Very true, no communication needed, just leave her and twitter alone ;).
Oh God, this is hysterical, and sadly, so true.
Oh Blogger Butt… we adore thee!
As long as we all have the Blogger Butt then it’s okay right?
they will sign for and pick up off the doorstep box upon box of stuff and will say, “what did you win from a blog this time?” Or maybe that’s just me 😉
Oh that is totally just you!!
Suddenly, I kinda want to marry myself…
We are pretty great aren’t we?
This was great…and totally SPOT on! I was rooting for Jenna after the first night b/c I thought maybe she was just overwhelmed. Turns out she’s a bit of a train wreck.
I know, I kept thinking that she would get over herself but instead she proved to be just as crazy as the usual girls who get kicked off in the first week or two.
I totally love this! So true! And Jenna. Jenna, Jenna, Jenna. Goodness me that was painful to watch!
Oh I know, I kept willing her to get it together but no luck.
This post is hilarious! Loved it. 🙂
I will not succomb my brain to that show.
Ever.
But I had to laugh…really hard I might add…at these pointers because really, they’re so true.
So true! Until there is a twelve-step program for bloggers, I guess they’ll just have to continue enabling us! LOL
#4 ha!!
I love the dry cleaning line. My house is a disaster, but my blogging is always being done.
That is so true. My blog is WAY cleaner than my kitchen floor.
You do funny so well. Awesome list.
I have never seen a single episode of The Bachelor. Can we still be friends?
Tonya! How could you not? This is really wrecking our we-have-so-much-in-common bond.
love this…though I despise the Bachelor and refuse to wath it!
It is total mind-numbing television, the only reason I watch.
This is hilarious! Love, love love it! 🙂
BTW, was the blogger the one they showed in the promos crying hysterically? I don’t watch this show anymore.
Yes, that was her, she did not represent us well.
LOL, this is great, Jessica! And all so true! Especially #4 – I will sometimes completely tune my husband out while staring right at him as I flesh out a new post idea.

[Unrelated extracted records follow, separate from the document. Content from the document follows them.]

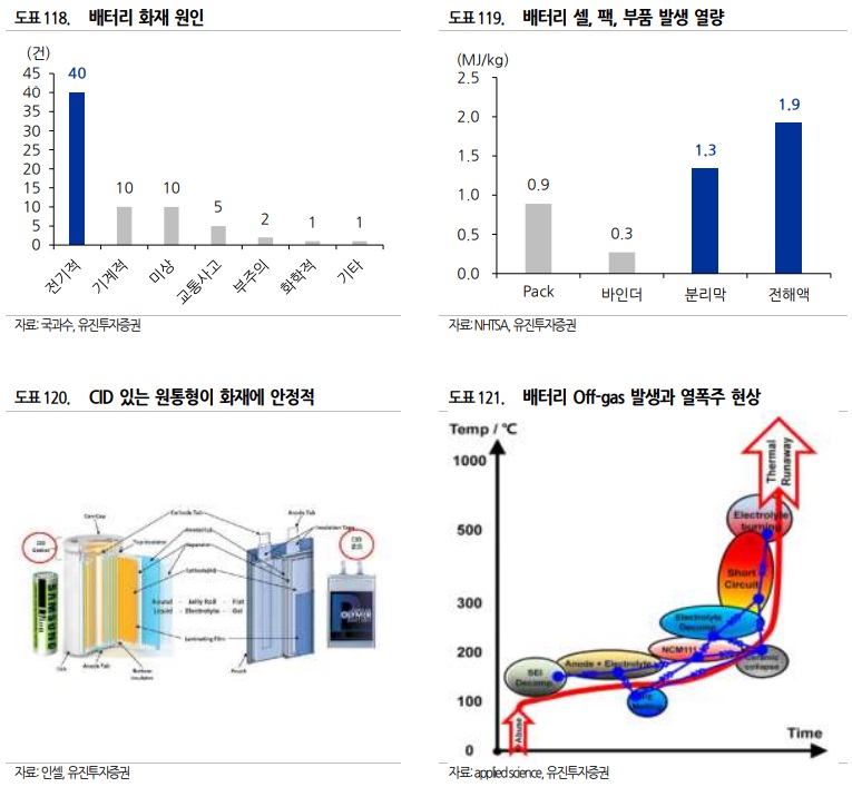국립과학수사연구원에 의하면 기존 배터리 화재 사고 이유로 전기적 요인이 가장 많은 것으로 밝혀졌는데, 최근 화재는 과충방전 이슈보다는 특정 제조사의 제품 특성 및 결함, 이로 인한 내부단락, 접힘 등이 주요 원인으로 추정되고 있다. NHTSA 에 의하면 배터리 Cell 연소 시 발생하는 열량은 4.03MJ/kg. 이 중, 전해액, 분리막으로 인한 연소 영향이 가장 큰 것으로 파악된다. 전해액 분해는 일반적으로 분리막, 내부단락, 충방전 다양한 이슈로 인한 offgas 발생, 복합적인 이유 때문에 이루어진다. 원통형, 각형 배터리는 CID, Vent 등 부품을 활용해 전해액 열폭주 현상으로 전이되기 전 열관리를 용이하게 할 수 있는 반면 파우치 전지는 전해액으로 이를 컨트롤하므로 고온에서 취약성을 보이고 있다. 부품단에서 화재에 가장 큰 영향을 미치는 것은 분리막이며 배터리용량을 확대하기 위해 얇게 생산하면서도 안정성을 확보할 수 있는 분리막을 사용하는 것이 중요하다. 전고체 전지의 도입이 2030 년은 되어야 가능함을 고려하면 분리막의 중요성은 앞으로 더욱 부각될 가능성이 높고, 셀 업체와 가격협상에서 우위를 점할 것이라 판단한다.
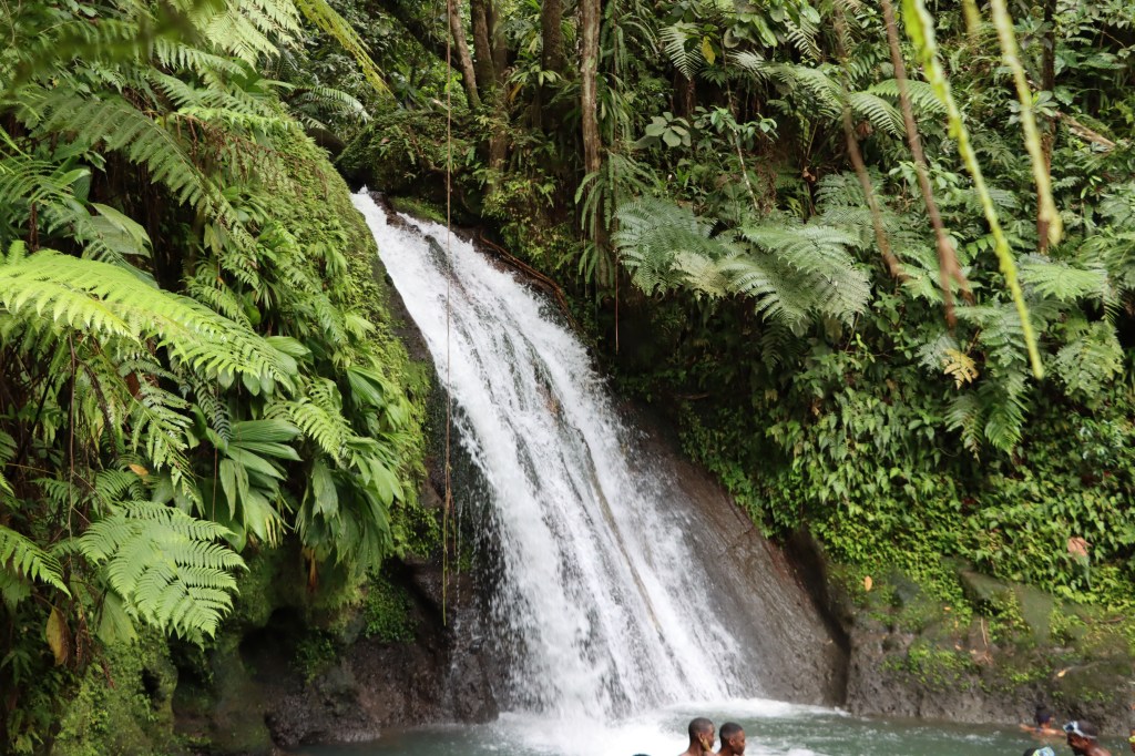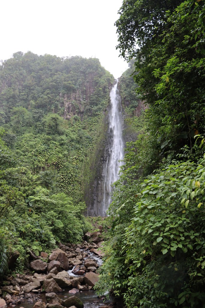 Le lendemain nous avons mis le cap sur les chutes du Carbet. L’accès au site est payant pour financer l’entretien des chemins. Nous avons commencé par aller voir la 2ème chute qui se situe à 25 minutes de marche sur un sentier entièrement aménagé. Il est impossible de se baigner à cet endroit mais la chute est vraiment belle à voir.
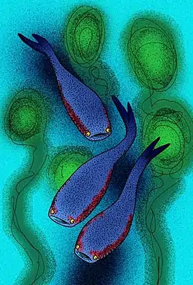 В настоящее время окаменелости тела целиком известны только для особей рода Archipelepis: эти окаменелости показывают, что последние были похожи на головастиков и не имели плавников кроме раздвоенного хвостового плавника[4].
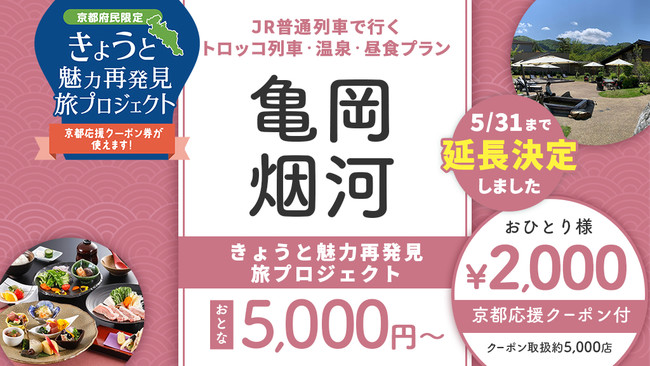 株式会社フォーティーズ(本社:大阪市鶴見区、代表取締役 岡武史)は5月31日迄延長になった「きょうと魅力再発見旅プロジェクト」の対象商品として里山リゾート 烟河(けぶりかわ)で創作ランチ+入浴+トロッコ列車+保津川下り+往復JRがセットになったパックツアーのオンライン販売を開始しました。
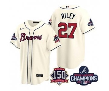 Men's Atlanta Braves #27 Austin Riley 2021 Cream World Series Champions With 150th Anniversary Patch Cool Base Stitched Jersey
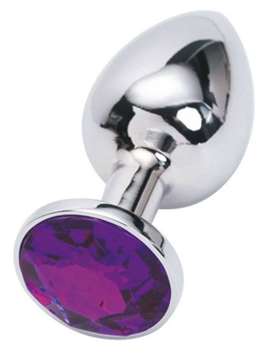 Серебристая анальная пробка из металла с фиолетовым стразом
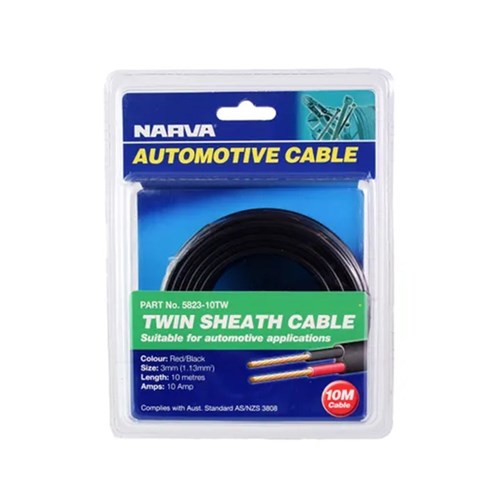 NARVA 10A 3MM TWIN CABLE RED/BLACK 10M
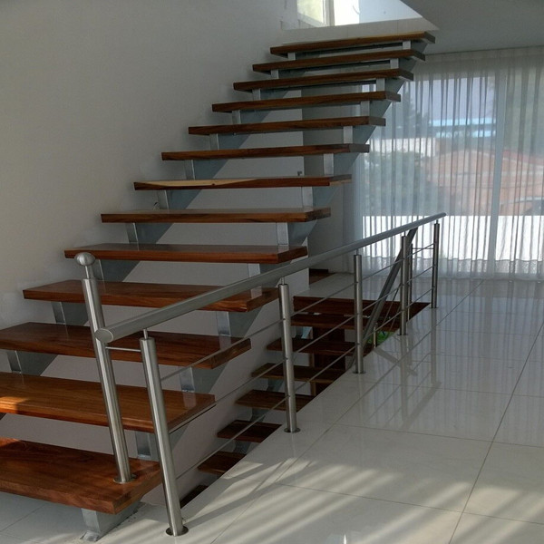 • solid wood staircase steel stringer with steel railing
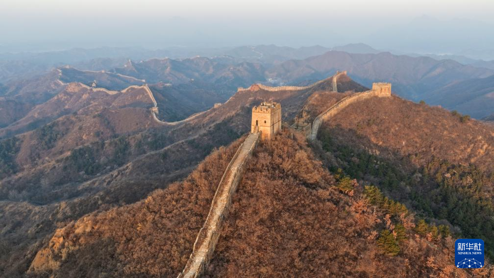 11月15日拍摄的晨光映照下的河北省承德市滦平县金山岭长城(无人机照片)。新华社发(周万平摄)
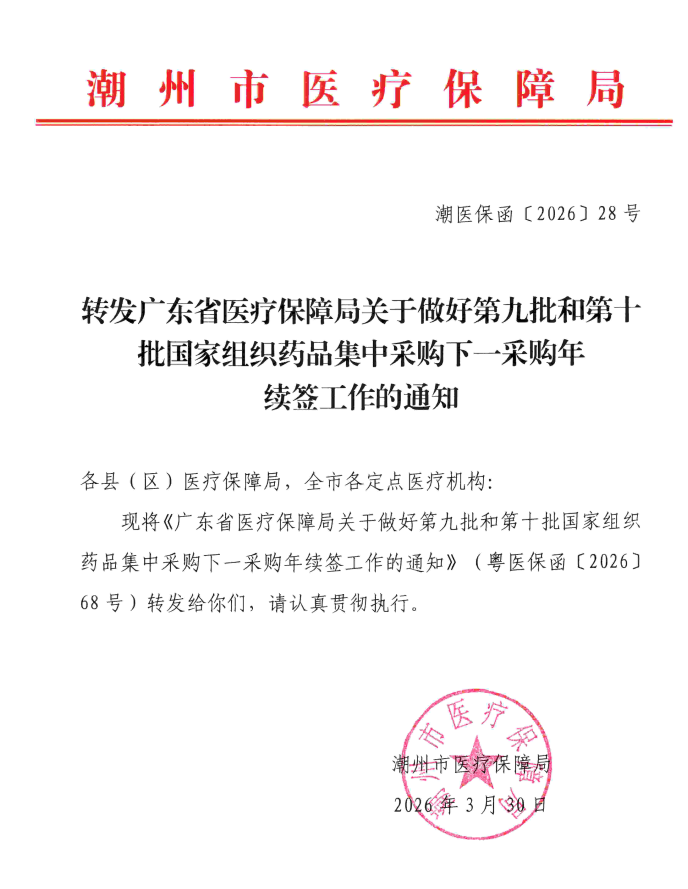 【潮州】转发广东省医疗保障局关于做好第九批和第十批国家组织药品集中采购下一采购年续签工作的通知
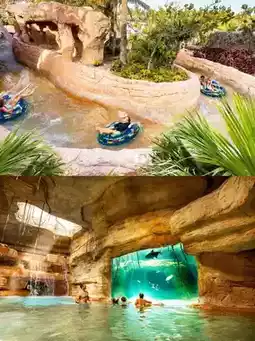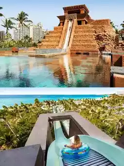 👉 The Cove at Atlantis: As a hotel, it features the world's most thrilling water park, where people drop vertically from the Mayan Temple into a 60-foot underwater tunnel, with sharks watching from outside the glass.
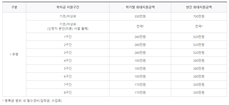 - I 유형 : 해당 학기 등록금 필수경비(입학금, 수업료)를 초과하지 않는 범위 내에서 차등지원

He knows it, too – he says I’m “in the zone.” I literally can’t think, focus, or communicate when I’m in the zone. I become and absent-minded mess.
And #10 – oh, how I’ve lamented this! My workouts have decreased dramatically since I started blogging. It has its benefits, but an active lifestyle is not one of them!
The butt is a total occupational hazard.
And the “zone out” probably makes it difficult to live with us but it must be done.
This is hilarious!! LOVE.
Oh yes – and every item in your household will come from swag and giveaways. 🙂
Love this!!!
My husband has gotten extremely wary whenever I say, “Oh, I have this great new Pinterest recipe I’m doing for dinner tonight!” Let’s just say they’re not all good.
And yeah, he does have a tendency to catch me giving him that look and say, “This is going in a post, isn’t it?”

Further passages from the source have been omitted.